**Data excerpt**.
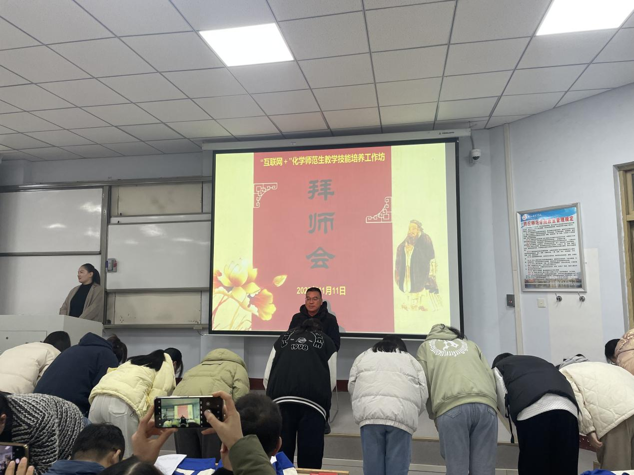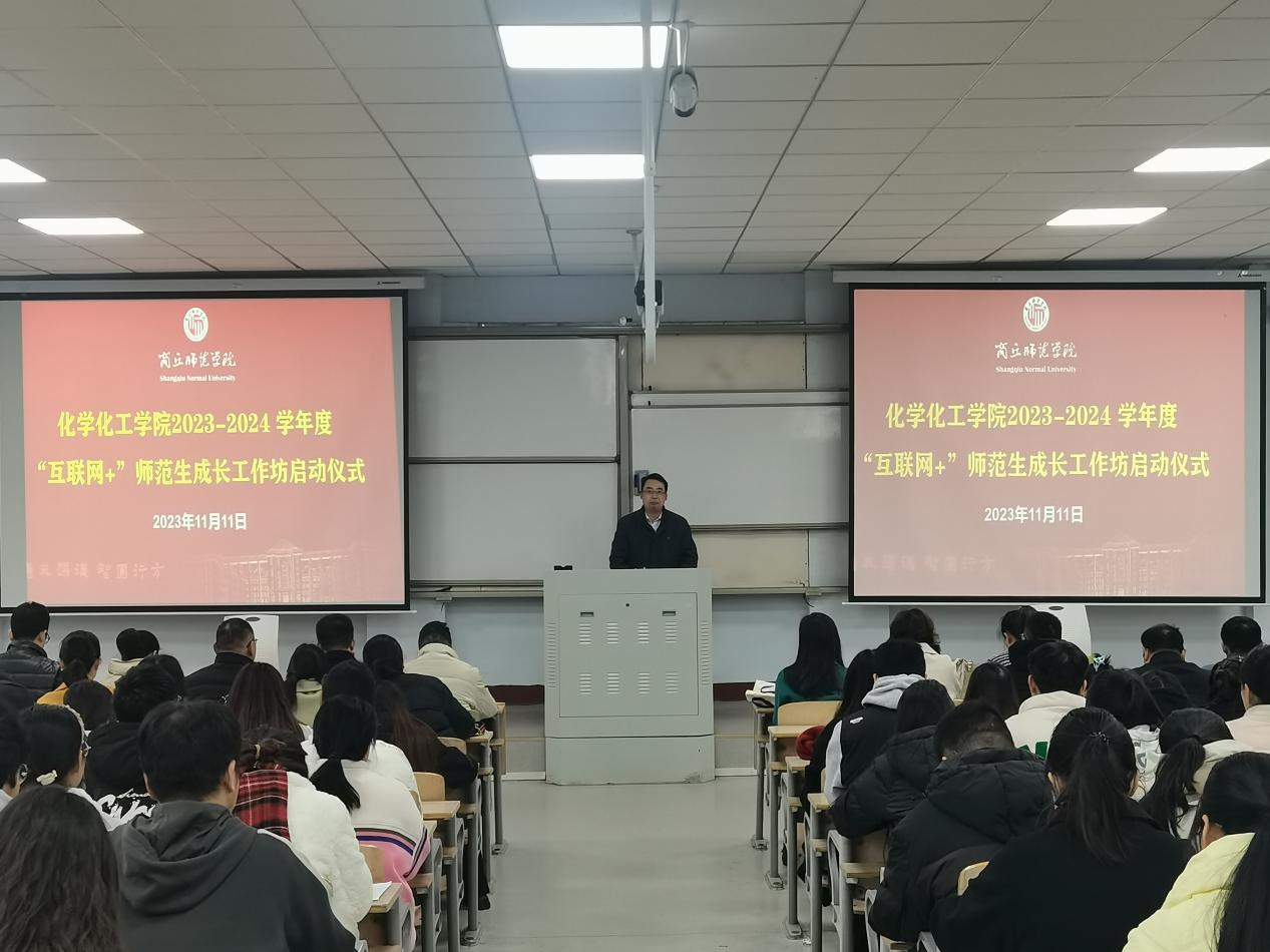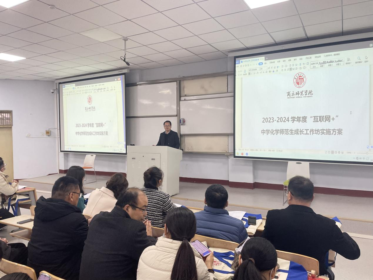 王涛宣读了2023-2024学年“互联网+”中学化学师范生成长工作坊工作实施方案,对各位工作坊坊主百忙之中参与此项活动表示感谢,同时向工作坊学员提出了具体要求,希望同学们早日成为合格的未来教师。
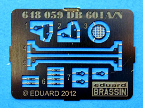 Der Satz beinhaltet einen DB601A bzw. N mit Anbauteilen, Auspuffstutzen und Motorhalterung. Außerdem gibt es eine schön detaillierte Motorhaube. Da der Motor in diesem Satz auch auf der Unterseite detailliert ist, wäre ein offener Ölkühler eine nette Option gewesen. Dies erforderte dann aber einen chirurgischen Eingriff am Grundbausatz und wurde vielleicht deshalb verworfen.
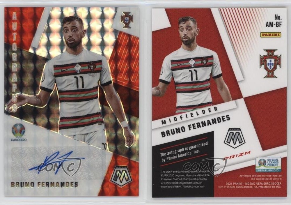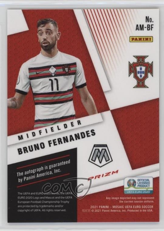 2021 Panini Mosaic UEFA Euro 2020 - Autographs - Silver Mosaic Prizm #AM-BF Bruno Fernandes COMC Item: 265111123 - Soccer Card - Featuring the Portugal - Featuring Bruno Fernandes Search for more: 2021 Panini Mosaic UEFA Euro 2020 Search for more: 2021 Panini Mosaic UEFA Euro 2020 - Autographs - Silver Mosaic Prizm View all of our Listings Auctions Buy It Now About Us Located in the beautiful Pacific Northwest, COMC (Check Out My Cards) is the world's largest consignment service for trading card singles. More than 10,000 people have used our consignment service to list over 50 million trading cards. Find out how we can help you consign your items on eBay by contacting us through eBay messaging. COMC -- "The Safe & Easy Way to Buy & Sell" Raw Condition for Modern Cards Unless otherwise noted, raw modern cards are listed in Near Mint-Mint condition or better. A NM-MT card appears to be Mint at first glance, but upon closer inspection, may exhibit some of the following: minor print defects (e.g. roller marks, print line, dimple), minor scratches, slight edge wear, and slight corner wear. Centering is clearly visible in the images provided and does not factor into our condition assessment. Raw Condition for Vintage Cards Unless otherwise noted, raw vintage cards are listed in Excellent condition or better. An EX card may exhibit some of the following: minor rounding of corners, surface wear, print defects, light scratches, and slight edge wear/chipping. Centering is clearly visible in the images provided and does not factor into our condition assessment. Domestic Shipping Combined shipping for multiple items is available. To receive combined shipping, please ensure all desired items are in your eBay shopping cart before proceeding to checkout. eBay limits orders to 40 items per order. We automatically combine multiple orders placed on the same day. If you place multiple orders on the same day, please contact us to request a refund of applicable shipping costs. Signature confirmation may be required on invoices over $400. All cards are protected and shipped securely. International Shipping COMC offers eBay's International Shipping (EIS) for international orders under $2,500* (see country exceptions below). All duties and import fees are paid at checkout; in the rare event that there are additional import fees upon delivery, these are borne by the buyer. EIS packages route through a shipping hub in Erlanger, KY before shipping to their final destination. Please note that EIS does not allow for combined shipments. The shipping rates are determined by eBay and cannot be adjusted. *Maximum sale price exceptions: Colombia, Kuwait ($2,000); Taiwan ($1,539); Chile, Costa Rica, Guatemala, Honduras, Trinidad and Tobago ($1,000); Antigua and Barbuda, Aruba, Belize, Dominica, Grenada, Philippines, Saint Kitts and Nevis, Saint Lucia, Montserrat, Turks and Caicos Islands ($500); Dominican Republic, El Salvador ($200). Please request a shipping quote through eBay messaging for orders that exceed the maximum sale price supported by eBay's International Shipping. You will be responsible for all duties and import fees for international orders shipped outside the EIS. All cards are protected and shipped securely. Auction Bidding By placing a bid on our auctions, you are making a commitment to complete the purchase. Payment is due within 7 days of winning an auction. Bidders who neglect to pay for an item they win will be blocked from making any future purchases and will be reported to eBay. Payment COMC does not accept offers on our cards through our eBay storefront. COMC utilizes eBay’s managed payments system. If you are experiencing difficulties making a payment, please contact eBay for assistance. Return policy Returns are only accepted on the rare occasion the item is not as described. If you are making a return, please initiate the return process through eBay so a mailing label can be provided for you. Prior to listing, our expert team carefully assessed this item to represent it accurately. Please review the description and high-definition images prior to bidding to ensure this item meets your satisfaction. We welcome you to contact us if you have further questions about this item. Trust and Integrity Shill bidding is prohibited on COMC Auctions. We collaborate with eBay to monitor and identify bidding activity which does not appear to be in good faith. If we determine a bidder is operating outside of eBay’s guidelines, we may choose to cancel their bids, permanently block them from purchasing from COMC, and report them to eBay. Shill bidding is also illegal in many places and can carry severe penalties. COMC carefully assesses each item consigned to us to prevent fraudulent items from entering the marketplace. If you believe an item offered on COMC may be fraudulent, please contact us with details so we can investigate the issue. Items we determine are outside our supported items policy may be removed. Last Modified: 12/1/2025 5:03:39 PM PDT
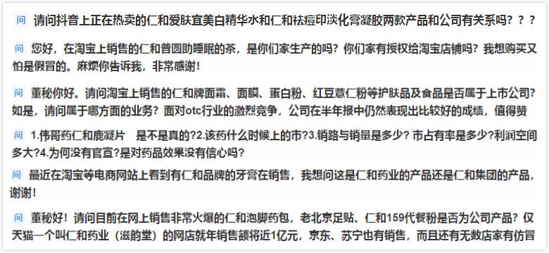 巧的是,今年1月,天津市公安机关对权健自然医学科技发展有限公司涉嫌组织、领导传销活动罪和虚假广告罪立案侦查;同一时期,不少网友在仁和药业的投资者交流平台发帖提示股民注意仁和涉传被查的风险。

**What you should do**.
Where pictures appear, drop them, and reproduce exactly only the lines running from the beginning of the data to the line that contains "Der Satz beinhaltet", inclusive.

**Your response**.
 王涛宣读了2023-2024学年“互联网+”中学化学师范生成长工作坊工作实施方案,对各位工作坊坊主百忙之中参与此项活动表示感谢,同时向工作坊学员提出了具体要求,希望同学们早日成为合格的未来教师。
 Der Satz beinhaltet einen DB601A bzw. N mit Anbauteilen, Auspuffstutzen und Motorhalterung. Außerdem gibt es eine schön detaillierte Motorhaube. Da der Motor in diesem Satz auch auf der Unterseite detailliert ist, wäre ein offener Ölkühler eine nette Option gewesen. Dies erforderte dann aber einen chirurgischen Eingriff am Grundbausatz und wurde vielleicht deshalb verworfen.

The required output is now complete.